• A feature I'd like to see in GAWK...

    From gazelle@gazelle@shell.xmission.com (Kenny McCormack) to comp.lang.awk on Mon Jul 15 18:28:31 2024
    From Newsgroup: comp.lang.awk

    As we know, AWK in general, and GAWK in particular, has several different
    ways of getting data into the program. In addition to the Automatic Input
    Loop (the main feature of AWK), there are several variations of "getline".

    "getline" can be used with files, or with processes (in 2 different ways!),
    or even with network sockets. But the problem with getline is that using
    it breaks the Automatic Input Loop. You can't use the standard "pattern/action" paradigm if your input is coming in via "getline". Yes,
    there are workarounds and yes we've all gotten used to it, but it is a
    shame. For one thing, you can write your program as a shell script, and
    use the shell to pipe in the data from a process. But this is ugly. And
    not always sufficient.

    Now, I have written a GAWK extension to handle this - called "pipeline".
    Here is a sample script that uses "pipeline". Note that the Linux "df"
    command has a "-l" option to show you only the local filesystems, but what
    I usually want is the non-local ones - that's much more interesting. The
    only way I can figure how to get that is to run "df" twice and compare the output with and without "-l". Here is my program (non-local-df):

    --- Cut Here ---
    @load "pipeline"
    @include "abort"
    # Note: You can ignore the "abort" stuff. It is part of my ecosystem, but
    # probably not part of yours.
    BEGIN {
    testAbort(ARGC > 1,"This program takes no args!!!",1)
    pipeline("in","df -l")
    while (ARGC < 3)
    ARGV[ARGC++] = "-"
    }
    ENDFILE { if (ARGIND == 1) pipeline("in","df") }
    ARGIND == 1 { x[$1]; next }
    FNR == 1 || !($1 in x)
    --- Cut Here ---

    Needless to say, I'd like to see this sort of functionality built-in.

    It seems to me that GAWK has been sort of fishing around lately looking for
    new worlds to conquer. Some features have been added lately that seem (to
    me anyway) sort of "out of place". namespaces, MPFR arithmetic (apparently, now deprecated), persistent memory (nifty idea, though I don't really see
    the practicality - and have not gotten around to testing it - i.e.,
    compiling up a new enough version to try it).

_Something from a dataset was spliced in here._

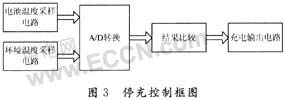 蓄電池溫度控制在正常充電時,電池的溫度變化并不明顯,但是,當電池過充時,其內部氣體壓力將迅速增大,負極板上氧化反映使內部發熱,溫度迅速上升(每分鐘可以高幾個攝氏度)。所以PIC16C73B單片機可以根據電池的溫度變化值判斷電池是否充滿,從而發出停充控制信號。

    I think something like the above would be more in line with the sort of
    things I'd like to see in GAWK.
    --
    Adderall, pseudoephed, teleprompter
    --- Synchronet 3.20a-Linux NewsLink 1.114
  • From Mack The Knife@mack@the-knife.org to comp.lang.awk on Tue Jul 16 14:29:10 2024
    From Newsgroup: comp.lang.awk

    While this is interesting, it can actually be done very easily from the
    shell level, using process substitution:

    awk -f foo.awk <(df) <(df)


    In article <v73pof$3gdp5$2@news.xmission.com>,
    Kenny McCormack <gazelle@shell.xmission.com> wrote:
    As we know, AWK in general, and GAWK in particular, has several different >ways of getting data into the program. In addition to the Automatic Input >Loop (the main feature of AWK), there are several variations of "getline".

    "getline" can be used with files, or with processes (in 2 different ways!), >or even with network sockets. But the problem with getline is that using
    it breaks the Automatic Input Loop. You can't use the standard >"pattern/action" paradigm if your input is coming in via "getline". Yes, >there are workarounds and yes we've all gotten used to it, but it is a
    shame. For one thing, you can write your program as a shell script, and
    use the shell to pipe in the data from a process. But this is ugly. And
    not always sufficient.

    Now, I have written a GAWK extension to handle this - called "pipeline".
    Here is a sample script that uses "pipeline". Note that the Linux "df" >command has a "-l" option to show you only the local filesystems, but what
    I usually want is the non-local ones - that's much more interesting. The >only way I can figure how to get that is to run "df" twice and compare the >output with and without "-l". Here is my program (non-local-df):

    --- Cut Here ---
    @load "pipeline"
    @include "abort"
    # Note: You can ignore the "abort" stuff. It is part of my ecosystem, but
    # probably not part of yours.
    BEGIN {
    testAbort(ARGC > 1,"This program takes no args!!!",1)
    pipeline("in","df -l")
    while (ARGC < 3)
    ARGV[ARGC++] = "-"
    }
    ENDFILE { if (ARGIND == 1) pipeline("in","df") }
    ARGIND == 1 { x[$1]; next }
    FNR == 1 || !($1 in x)
    --- Cut Here ---

    Needless to say, I'd like to see this sort of functionality built-in.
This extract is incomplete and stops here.